### [MATERIAL SHOWN]

——

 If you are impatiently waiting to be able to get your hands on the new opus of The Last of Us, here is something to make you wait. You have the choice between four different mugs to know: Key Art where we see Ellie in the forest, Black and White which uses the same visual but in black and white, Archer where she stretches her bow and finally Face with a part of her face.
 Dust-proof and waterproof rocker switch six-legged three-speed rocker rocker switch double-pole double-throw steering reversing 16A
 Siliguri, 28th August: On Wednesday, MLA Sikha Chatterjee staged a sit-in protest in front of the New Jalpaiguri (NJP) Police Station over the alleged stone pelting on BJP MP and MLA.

——

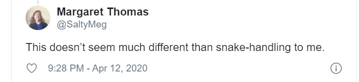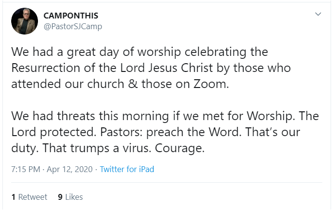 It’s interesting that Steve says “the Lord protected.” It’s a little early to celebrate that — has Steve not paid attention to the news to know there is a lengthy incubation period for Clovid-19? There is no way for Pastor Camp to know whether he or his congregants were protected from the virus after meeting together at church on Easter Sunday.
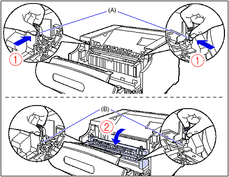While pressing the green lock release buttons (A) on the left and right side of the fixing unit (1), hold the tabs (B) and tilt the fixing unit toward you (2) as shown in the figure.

——

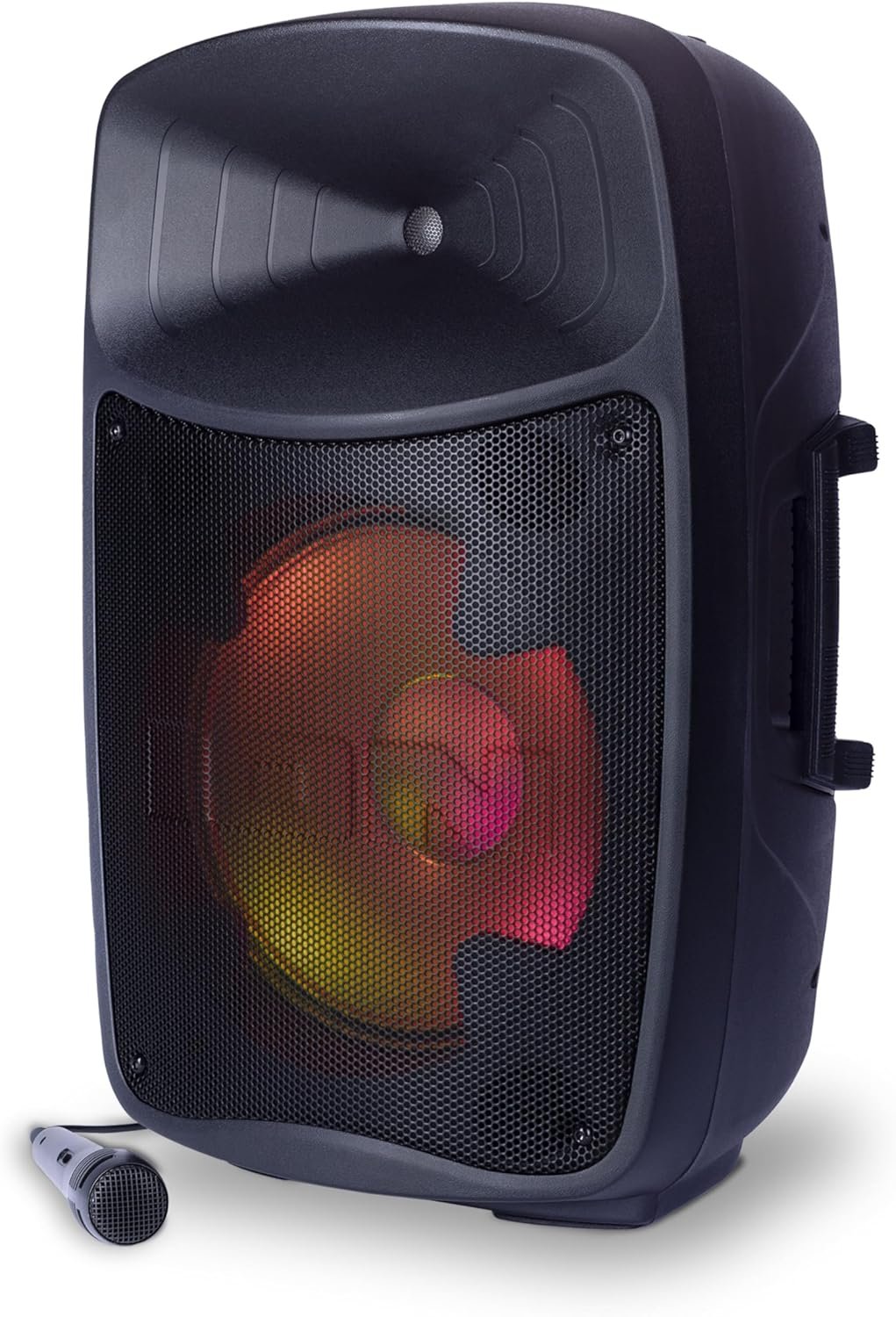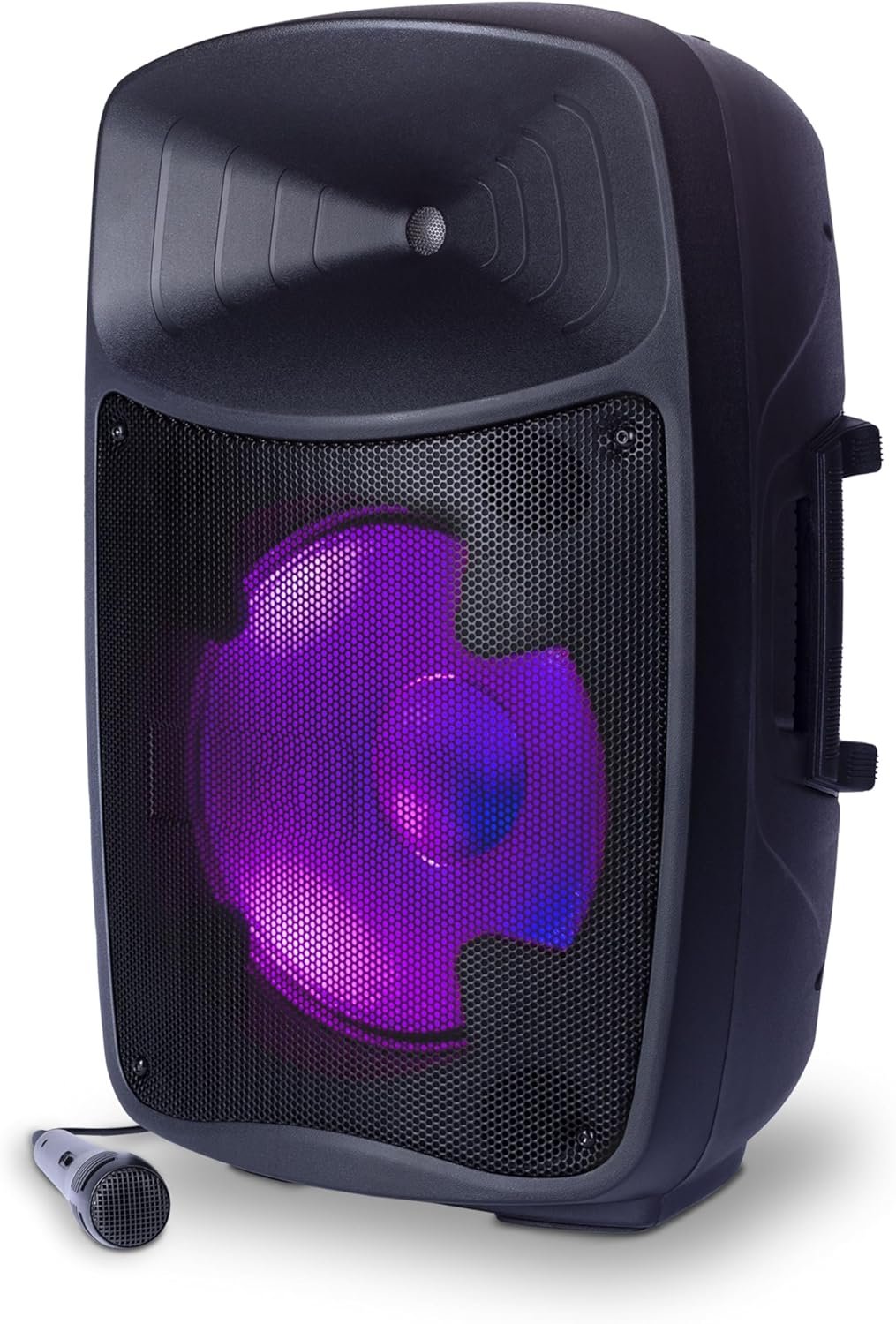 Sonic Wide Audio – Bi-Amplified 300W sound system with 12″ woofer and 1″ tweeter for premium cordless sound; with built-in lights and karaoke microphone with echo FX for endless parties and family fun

——

### [ACTION ITEM]
Return the lines above from the one with "It’s interesting that" through the one with "While pressing the", verbatim and nothing else. Omit every picture.

### [TASK SOLUTION]
 It’s interesting that Steve says “the Lord protected.” It’s a little early to celebrate that — has Steve not paid attention to the news to know there is a lengthy incubation period for Clovid-19? There is no way for Pastor Camp to know whether he or his congregants were protected from the virus after meeting together at church on Easter Sunday.
While pressing the green lock release buttons (A) on the left and right side of the fixing unit (1), hold the tabs (B) and tilt the fixing unit toward you (2) as shown in the figure.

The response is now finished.